Чтение онлайн

ЖАНРЫ

Овсянки (сборник)
Шрифт:

первое что я сделал как только оказался у себя в комнате — включил ноутбук, залез на рамблер и набрал в строке поиска слово узюк. я успел прочитать что узюк — это войлочное покрытие купола казахской юрты. а в тувинской — маленькое пространство между изголовьем кровати хозяев и семейным ламаистским алтарем. судя по ссылкам — слово узюк входит в название многих саяно-алтайских рек и урочищ. да — география несколько не та. строки про узюк я перебирал бы и дольше — но захрустел внутренний телефон: позвали в приемную к директору комбината — мирону алексеевичу козлову.

*

мирон алексеевич протянул мне руку — пригласительно поднял палец вверх — взял настойку ирги с подоконника — мы накинули куртки и поднялись на крышу.

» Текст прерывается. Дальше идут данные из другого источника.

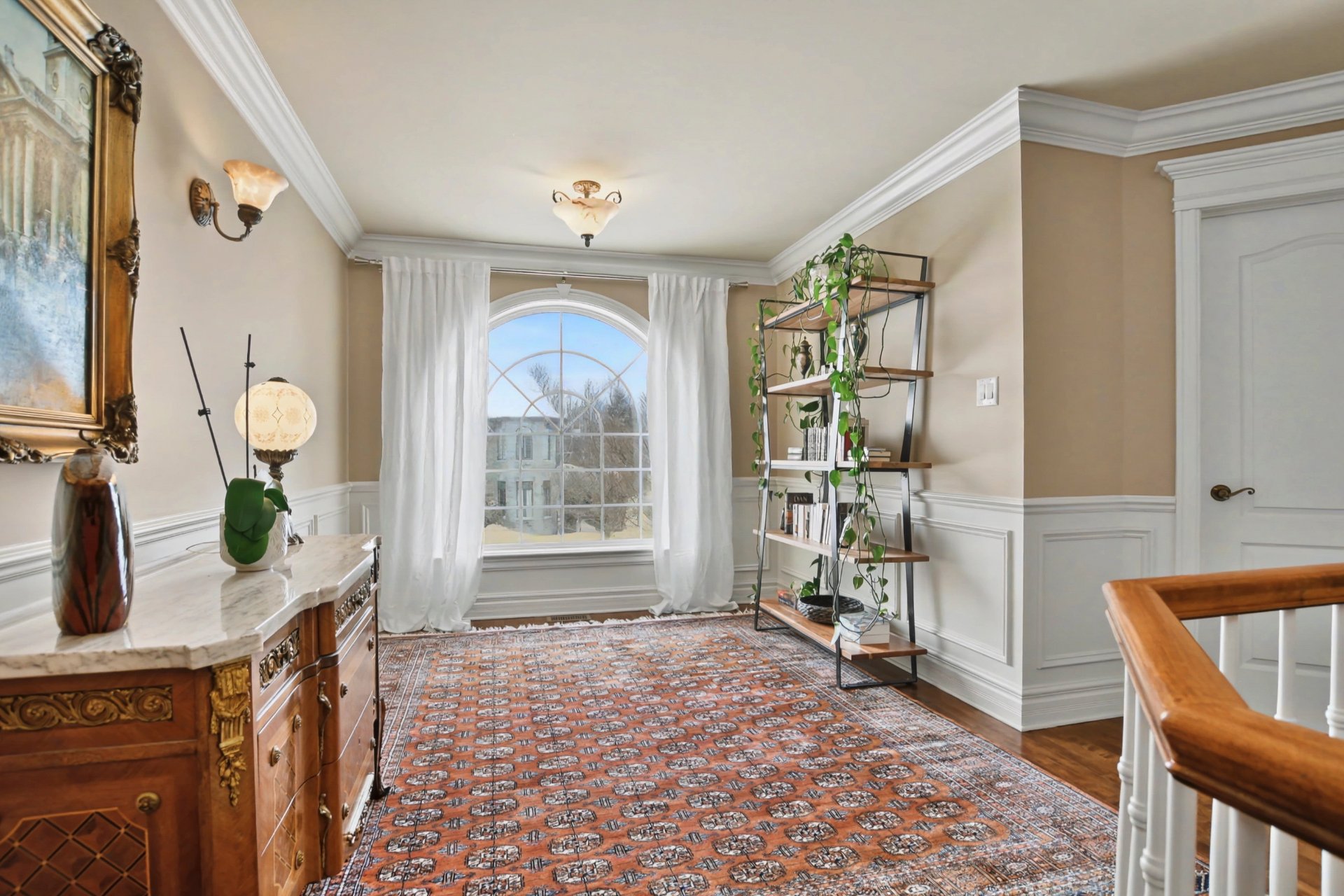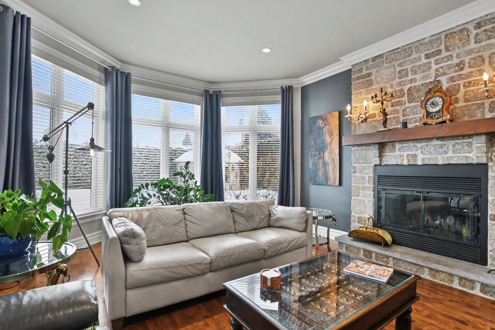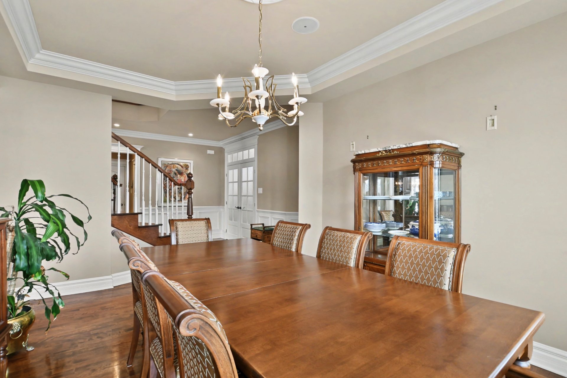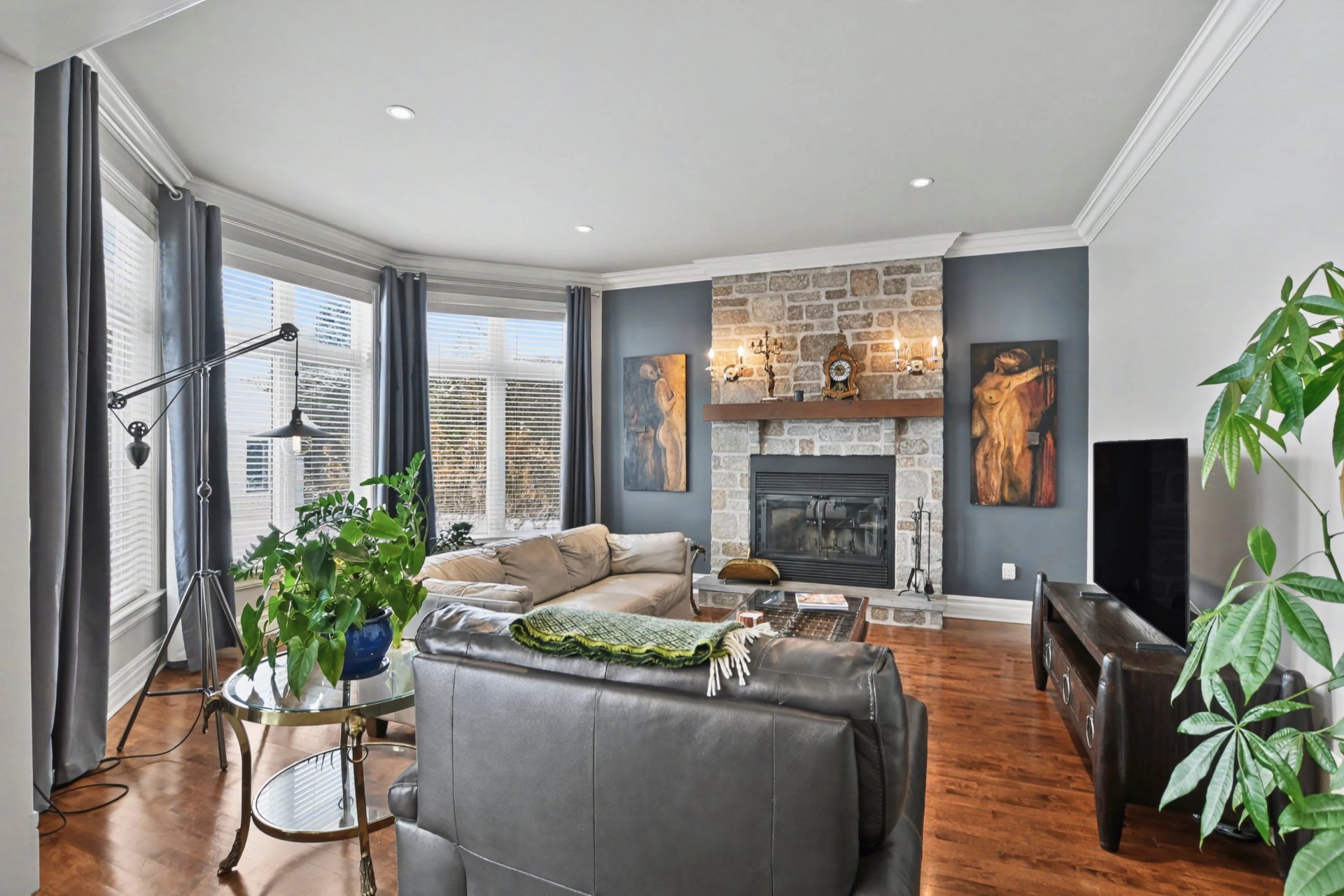 From the moment you step inside, you are welcomed by a spacious vestibule with walk-in closet, generous living areas, 9-foot ceilings on the main floor and 10-foot ceilings in the living room, a majestic stone fireplace façade, and a grand curved staircase.
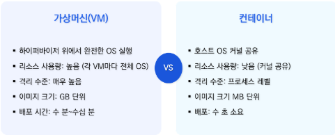 밀도(서버 당)낮음(수~수십 VM)높음(수백~수천 컨테이너)
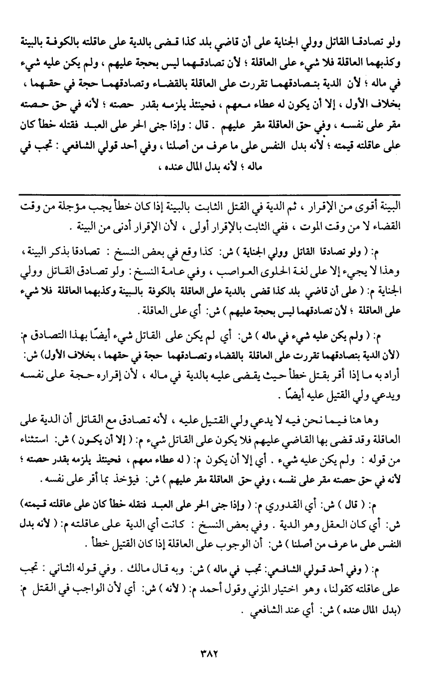 م: (ولم يكن عليه شيء في ماله) ش: أي لم يكن على القاتل شيء أيضًا بهذا التصادق م: (لأن الدية بتصادقهما تقررت على العاقلة بالقضاء وتصادقهما حجة في حقهما، بخلاف الأول) ش: أراد به ما إذا أقر بقتل خطأ حيث يقضى عليه بالدية في ماله، لأن إقراره حجة على نفسه، ويدعي ولي القتيل عليه أيضًا.
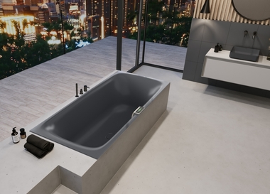 Die freistehende Badewanne Oyo Duo aus der Luxstainability-Serie von Kaldewei wurde von dem Designstudio Diez Office entworfen. Sie verbindet organisches Design und mit der langlebigen Materialität von Stahl-Emaille. Die Innenform bietet auch für das Baden zu zweit hohen Liegekomfort, mit zwei identischen Rückenschrägen und einem Mittelablauf. Die doppelwandige Wanne ist in ausgewählten Farben der Coordinated Colours Collection von Kaldewei erhältlich und kann in zwei Größen geordert werden. Der Freiraum unter der Badewanne ermöglicht eine Installation ohne Estrichaussparung, denn die Ablaufgarnitur kann im Badewannenkörper versenkt werden.

там удобно — винтовые офисные кресла в снегу и стол… мы глотали настойку и глядели на ноябрьскую утреннюю нею. вот что я узнал: этой ночью умерла его жена — татьяна.

мирон алексеевич рассказал что она лежит сейчас дома — на боку на кровати — какой он ее нашел. (спят они в разных комнатах.) молодая — не исполнилось тридцати шести — а почему-то вдруг не проснулась. жаловалась временами на ‘нагревание сердца’ — под левой грудью делалось почти горячо. директор попросил меня помочь отвезти жену за мещерскую поросль — где они проводили медовый месяц — и там сжечь. мещерской порослью мы называем горбатов — ласковый городок на оке — в сорока километрах от нижнего новгорода.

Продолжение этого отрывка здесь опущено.